The answer must be the lines from the one that holds "仕事内容 \オープニングスタッフ募集/ 宿舎の管理・事務のお仕事です!" through the final line of the data, copied exactly, with no pictures.

===== Records for this exercise

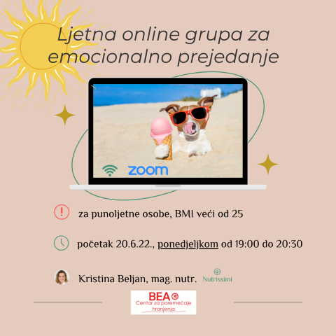U ponedjeljak, 20.6.2022. počinje nova online grupa za emocionalno prejedanje u Centru BEA pod vodstvom nutricionistice Kristine Beljan.
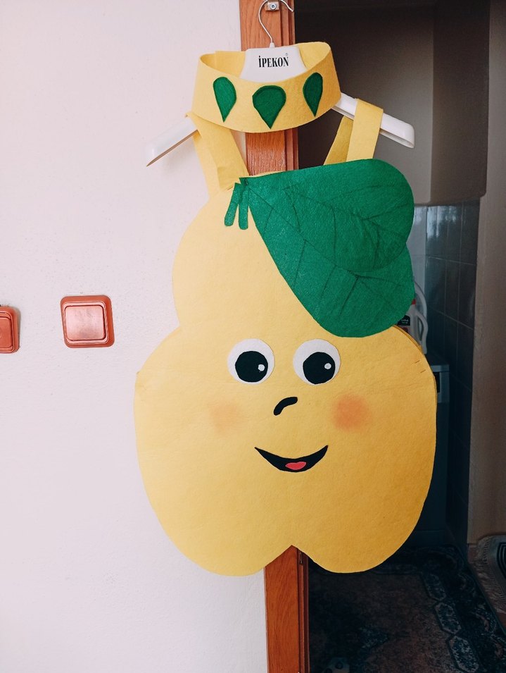 Sarı renkli, renkli baskılı, gülümseyen yüz ve yeşil yaprak detayı olan ayva önlüğü ve taçı IPEKON markalı. keçeden yapılmış
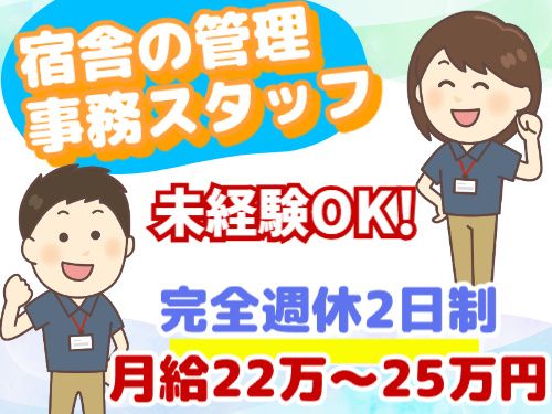 仕事内容 \オープニングスタッフ募集/ 宿舎の管理・事務のお仕事です! 完全週休2日 「プライベートも大切にしながら安定収入を得たい」そんな方にピッタリ! 未経験からでも安心して始められます。 【注目ポイント】 ・未経験からでも高収入! 月給22万~25万円! ・正社員登用あり ・完全週休2日 ・大型連休あり ・男女スタッフ活躍中 【お仕事内容】 宿舎の管理 ・入退去の管理 (入退去の事務作業や、宿舎での生活している中でのサポート) 事務作業 ・システムの入力業務、電話対応など その他、会社への報告や、宿舎の清掃作業など ※未経験の方はわからないことだらけだと思いますので、しっかりサポートさせていただきます。 【お休み充実!】 完全週休2日制 年末年始・夏季・GWあり 連休が可能なので、ご家族との時間や趣味の時間などプライベートの時間も守れます。 【高収入可能!】 月給22万円~25万円! 昇給あり! 頑張りがしっかりとお給料で還元します! また、正社員登用もあり長期的なキャリア形成も可能! 【こんな方が活躍中】 「子育てと両立したい」主婦(夫)さん →お休みの日はご家族とゆっくり過ごせます。 マイカー通勤OKでお子様の送り迎えもラクラク! 「がっつり稼ぎたい」フリーターさん →無資格・未経験でも安定収入! 充実した休日・好待遇の働きやすい職場です! 「プライベートも大切にしたい」 「安定した収入が欲しい」 そんな思いを持つ男女スタッフが活躍中! 在職中の方も面接日等はご相談に応じます。 お気軽にお問い合わせください。
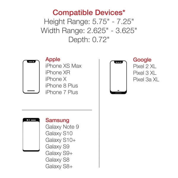 Büyük boyutlu telefonlar için düşük profilli gidon montajı , tek bir düğmeyi çevirerek gidona kolayca takılan yeni RAM ® Tough-Strap ™ ve RAM ® Quick-Grip ™ XL içerir; 2,22 cm-2,54 cm, 2,54 cm-3,17 cm ve 3,17 cm-3,50 cm arasında değişen iki farklı gidon kayışı boyutu içerir.
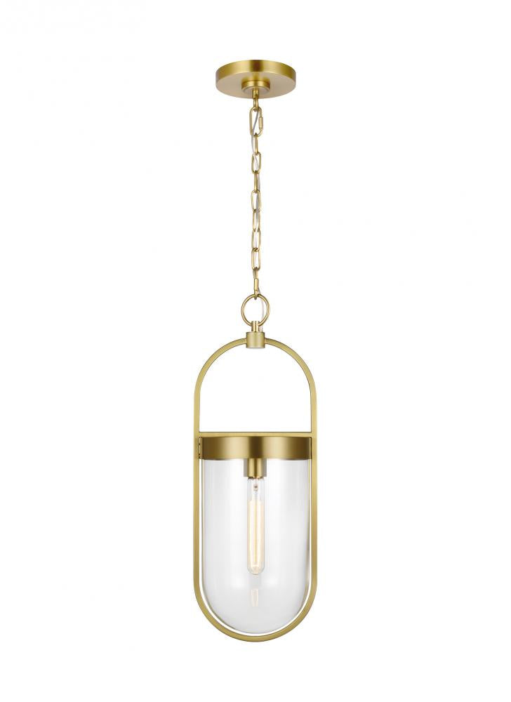 The Blaine one light indoor pendant in aged iron Chapman & Myers is a simple modern interpretation of a classic glass smoke bell lantern. Each pendant is suspended from a unique oval frame which is circumscribed around an inner glass shade. The glass is held in place by a banded metal collar at the top and lit from within with a single filament bulb.
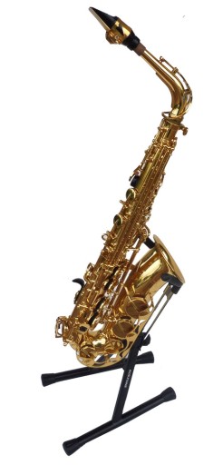 Wygodny, poręczny, lekki lecz stabilny, składany statyw do saksofonu altowego lub tenorowego.

==========

- **Output for this task**
 仕事内容 \オープニングスタッフ募集/ 宿舎の管理・事務のお仕事です! 完全週休2日 「プライベートも大切にしながら安定収入を得たい」そんな方にピッタリ! 未経験からでも安心して始められます。 【注目ポイント】 ・未経験からでも高収入! 月給22万~25万円! ・正社員登用あり ・完全週休2日 ・大型連休あり ・男女スタッフ活躍中 【お仕事内容】 宿舎の管理 ・入退去の管理 (入退去の事務作業や、宿舎での生活している中でのサポート) 事務作業 ・システムの入力業務、電話対応など その他、会社への報告や、宿舎の清掃作業など ※未経験の方はわからないことだらけだと思いますので、しっかりサポートさせていただきます。 【お休み充実!】 完全週休2日制 年末年始・夏季・GWあり 連休が可能なので、ご家族との時間や趣味の時間などプライベートの時間も守れます。 【高収入可能!】 月給22万円~25万円! 昇給あり! 頑張りがしっかりとお給料で還元します! また、正社員登用もあり長期的なキャリア形成も可能! 【こんな方が活躍中】 「子育てと両立したい」主婦(夫)さん →お休みの日はご家族とゆっくり過ごせます。 マイカー通勤OKでお子様の送り迎えもラクラク! 「がっつり稼ぎたい」フリーターさん →無資格・未経験でも安定収入! 充実した休日・好待遇の働きやすい職場です! 「プライベートも大切にしたい」 「安定した収入が欲しい」 そんな思いを持つ男女スタッフが活躍中! 在職中の方も面接日等はご相談に応じます。 お気軽にお問い合わせください。
 Büyük boyutlu telefonlar için düşük profilli gidon montajı , tek bir düğmeyi çevirerek gidona kolayca takılan yeni RAM ® Tough-Strap ™ ve RAM ® Quick-Grip ™ XL içerir; 2,22 cm-2,54 cm, 2,54 cm-3,17 cm ve 3,17 cm-3,50 cm arasında değişen iki farklı gidon kayışı boyutu içerir.
 The Blaine one light indoor pendant in aged iron Chapman & Myers is a simple modern interpretation of a classic glass smoke bell lantern. Each pendant is suspended from a unique oval frame which is circumscribed around an inner glass shade. The glass is held in place by a banded metal collar at the top and lit from within with a single filament bulb.
 Wygodny, poręczny, lekki lecz stabilny, składany statyw do saksofonu altowego lub tenorowego.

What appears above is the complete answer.